Studies conducted using retrograde neuronal tracer injections have identified cortical inputs for SPL [6, 34]. Afferents to the SPL are in strict accordance with the functional gradient observed in this structure, with the caudal portion dominated by visual properties and visual afferents that originate from the primary visual cortex as well as from many extrastriatal visual areas of the parietal cortex; and the most anterior SPL is dominated by somatosensory properties and afferents from the primary somatosensory cortex, from some areas of the parietal cortex of both the superior and inferior parietal lobules, as well as motor afferents from the primary motor and premotor areas [32]. In addition, as has long been known, the macaque SPL receives thalamic input from the pulvinar complex and the lateral posterior nucleus, as well as from several other thalamic nuclei [42].

In general, SPL regions receive both visual and sensorimotor afferents that are functionally useful, with a clear functional trend from posterior visual input at V6 to anterior somatosensory/somatomotor input at PE. It should be noted that the “pure” visual area V6 receives not only visual inputs, but also inputs from bimodal areas of the cortex and thalamic nuclei. Similarly, the somatosensory PE region receives afferents from both the somatosensory and bimodal cortical regions and thalamic nuclei [6]. It is possible, however, that only optic neurons from the bimodal regions project to V6, and similarly, only somatosensory inputs reach the PE area from the bimodal regions.

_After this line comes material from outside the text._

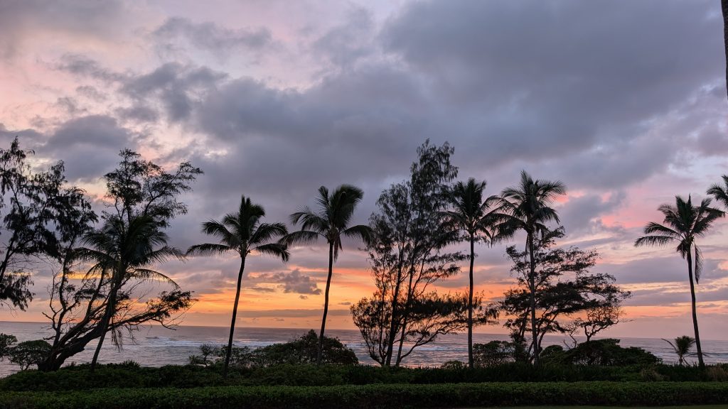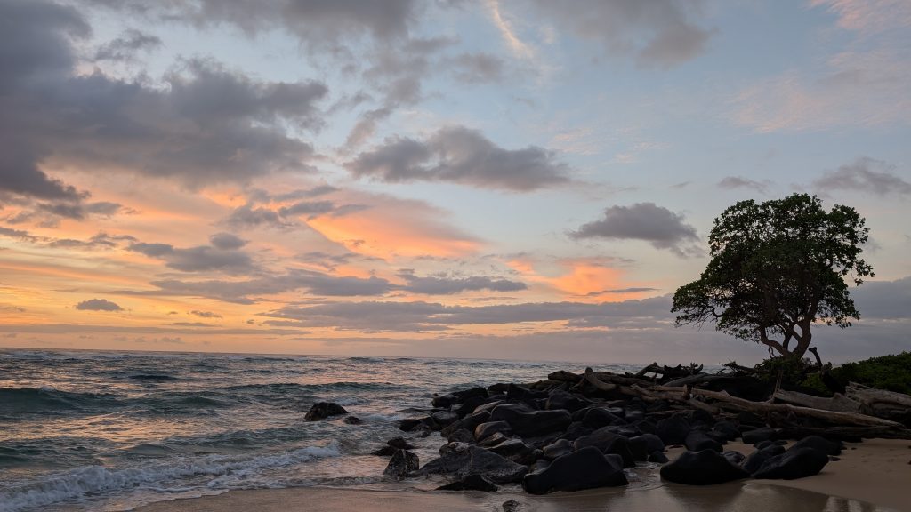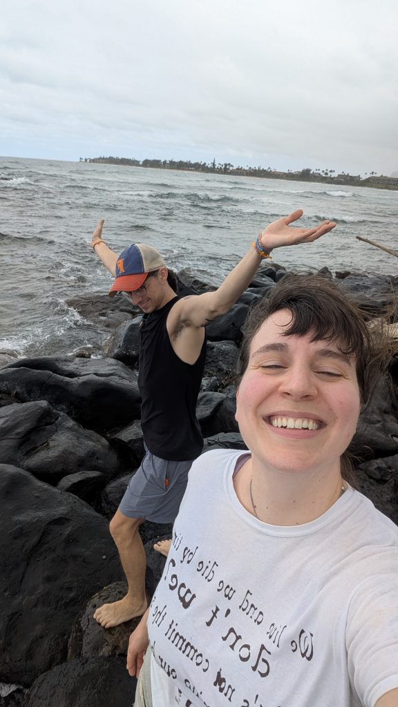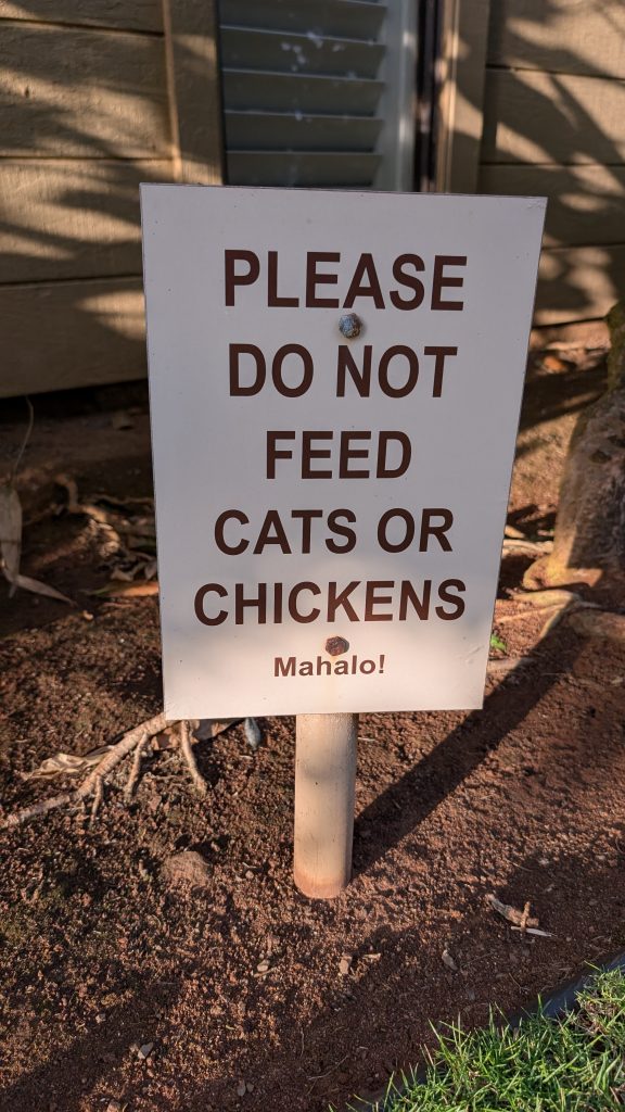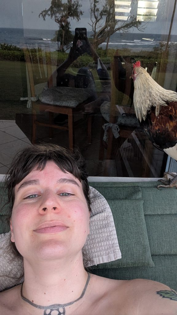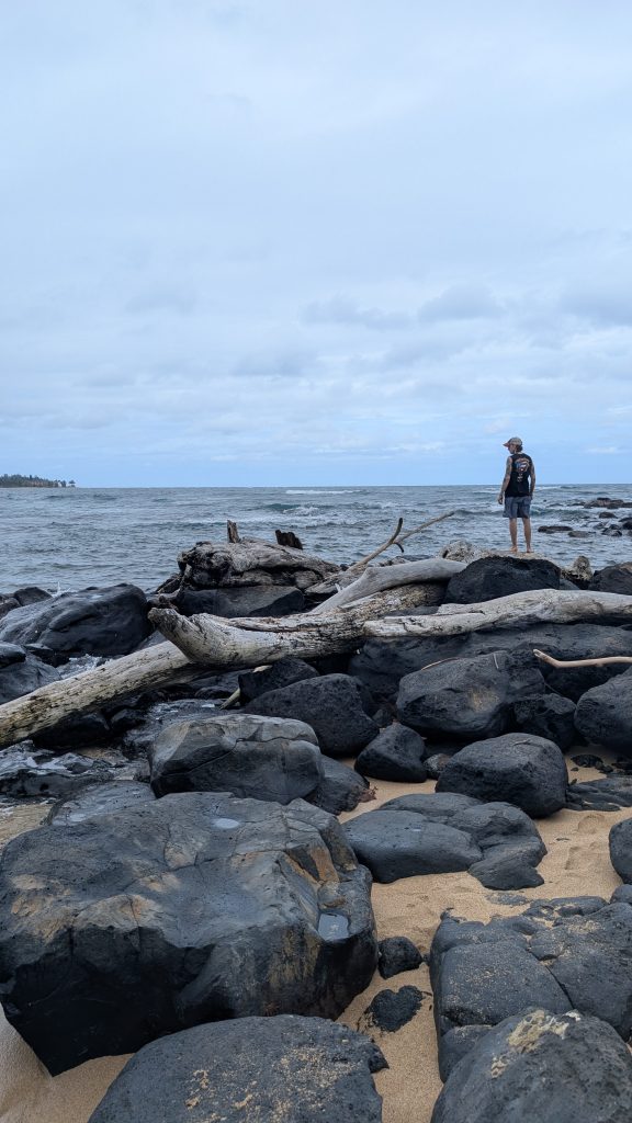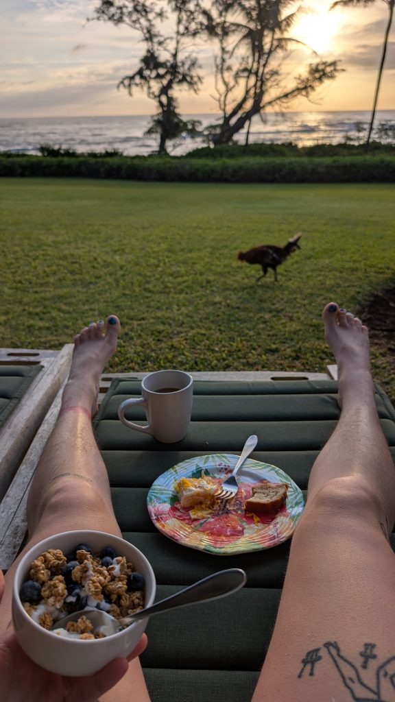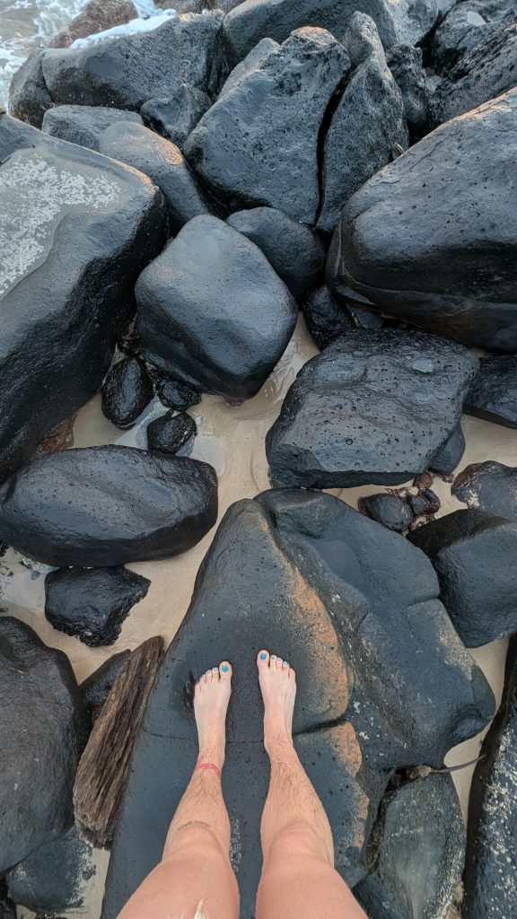 hot dogs or legs the volcanic rock is SO cool covered in barnacles got to see lots of skittering crabs. we’re staying in a little apartment very close to the water, it is unbelievable to wake up and look at the ocean RIGHT THERE. i learned that there are chickens EVERYWHERE!!!!! ON KAUAI!!!!! because of two hurricanes that happened in the late 80s and early 90s. a lot of coops got destroyed so loose domesticated chickens bred with wild red junglefowl and now their population has exploded because they don’t have any real predators. a lot of people see them as a nuisance but i think they are fun. they get really close to you and are not scared of anything and they walk all about with their babies. the only sad part is that the stray cats are afraid of the chickens!!!!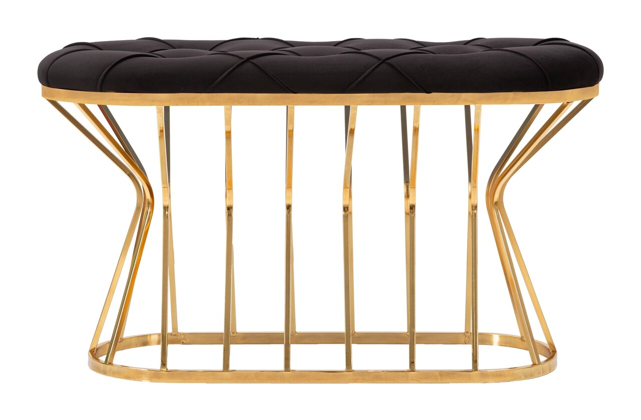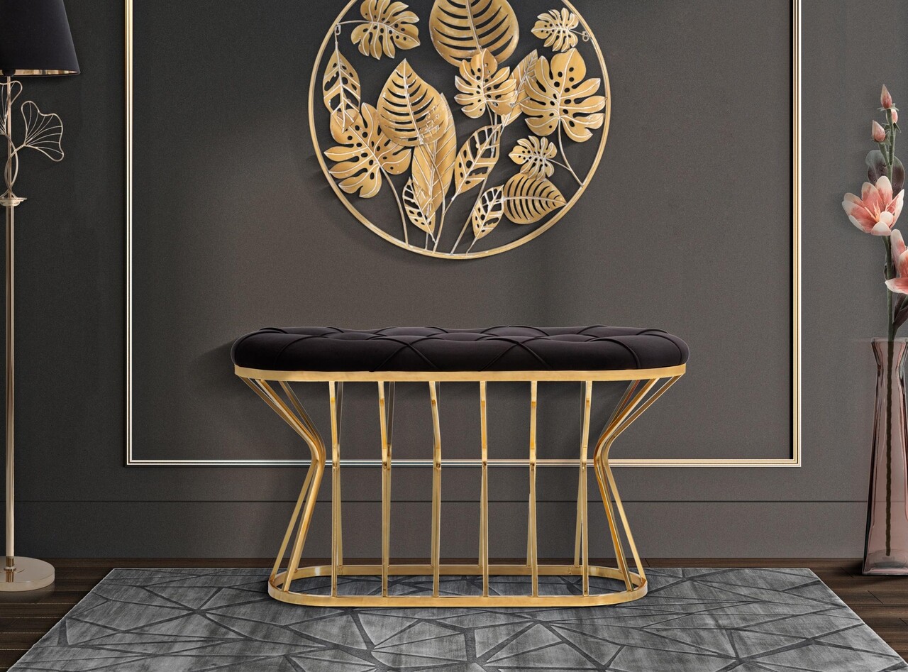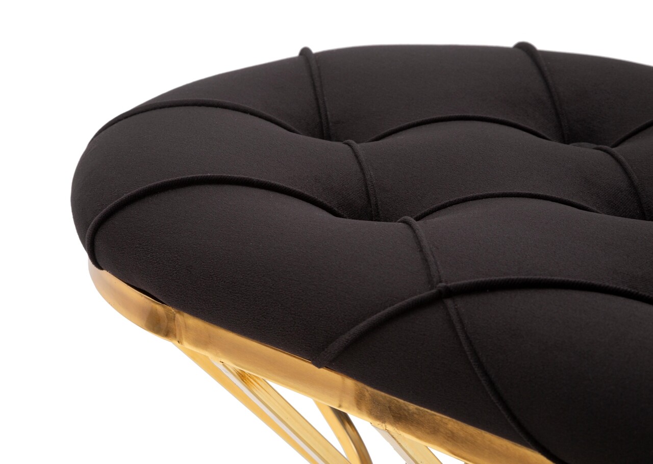 Bancheta ovala cu structura din metal auriu si sezut din catifea sintetica neagra captusita si matlasata. Designul simplu, dar captivant, va intampina in fiecare moment de relaxare.

Thus, both anatomical and physiological evidence suggests that the SPL is an interface between the visual and somatosensory cortical areas and is involved in the control of movements while capturing an object, from the direction of hand movement to the formation of the hand according to the shape of the object, and can also participate in the control of the interaction of arms and legs with surrounding objects and when moving in space.

CONCLUSIONS

The review of literature data on the integration of vestibular, visual, and proprioceptive inputs in various areas of the cerebral cortex and the nature of their interaction showed that, despite the abundance of studies of numerous areas of the cortex that have vestibular, visual, and somatosensory inputs, their functions and connections are poorly studied and understood [43]. The same information about self-motion is presented in several anatomically diverse cortical areas, which suggests that this information in different areas of the brain is used for different purposes, and the multiplicity of signal representation in different areas of the cortex is, apparently, the leading principle of motor organization in humans and animals [2]. It may be suggested that the exchange and distribution of information between brain regions is probably modulated by the requirements of the task. To understand this, as well as how the brain converts sensory input to a behavioral format, future research needs to combine complex natural tasks with normative models of behavior [44].